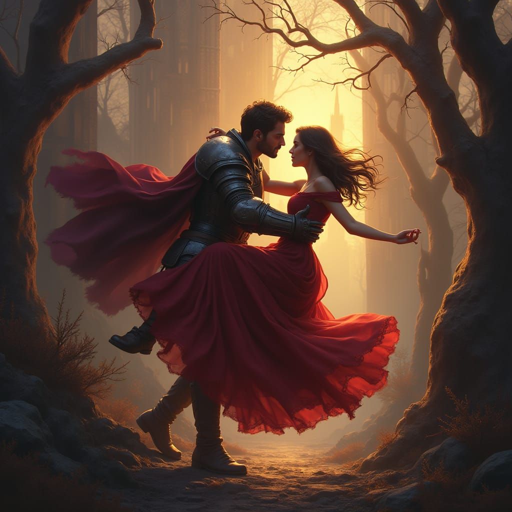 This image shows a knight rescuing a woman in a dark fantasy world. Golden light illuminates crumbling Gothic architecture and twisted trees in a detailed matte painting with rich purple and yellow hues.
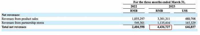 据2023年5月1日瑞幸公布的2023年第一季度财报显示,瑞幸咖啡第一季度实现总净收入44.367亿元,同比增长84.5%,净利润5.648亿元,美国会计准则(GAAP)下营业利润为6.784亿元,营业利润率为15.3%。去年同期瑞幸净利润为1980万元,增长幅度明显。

◆ ◆ ◆

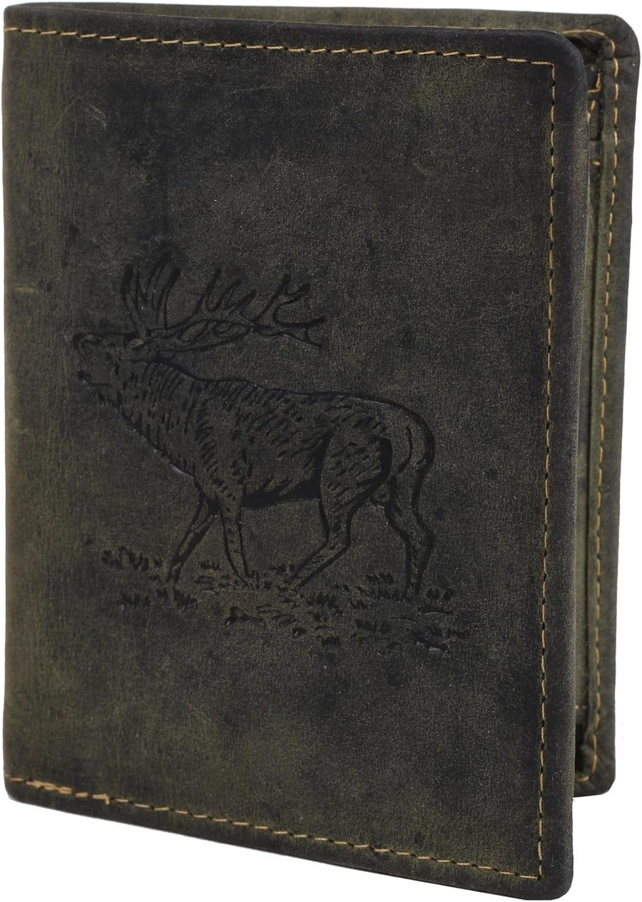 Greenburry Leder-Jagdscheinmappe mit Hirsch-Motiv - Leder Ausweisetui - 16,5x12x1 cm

◆ ◆ ◆

Task - Your answer should consist of the lines above between those holding "This image shows" and "据2023年5月1日瑞幸公布", inclusive, reproduced word for word and without pictures.

Response area -
 This image shows a knight rescuing a woman in a dark fantasy world. Golden light illuminates crumbling Gothic architecture and twisted trees in a detailed matte painting with rich purple and yellow hues.
 据2023年5月1日瑞幸公布的2023年第一季度财报显示,瑞幸咖啡第一季度实现总净收入44.367亿元,同比增长84.5%,净利润5.648亿元,美国会计准则(GAAP)下营业利润为6.784亿元,营业利润率为15.3%。去年同期瑞幸净利润为1980万元,增长幅度明显。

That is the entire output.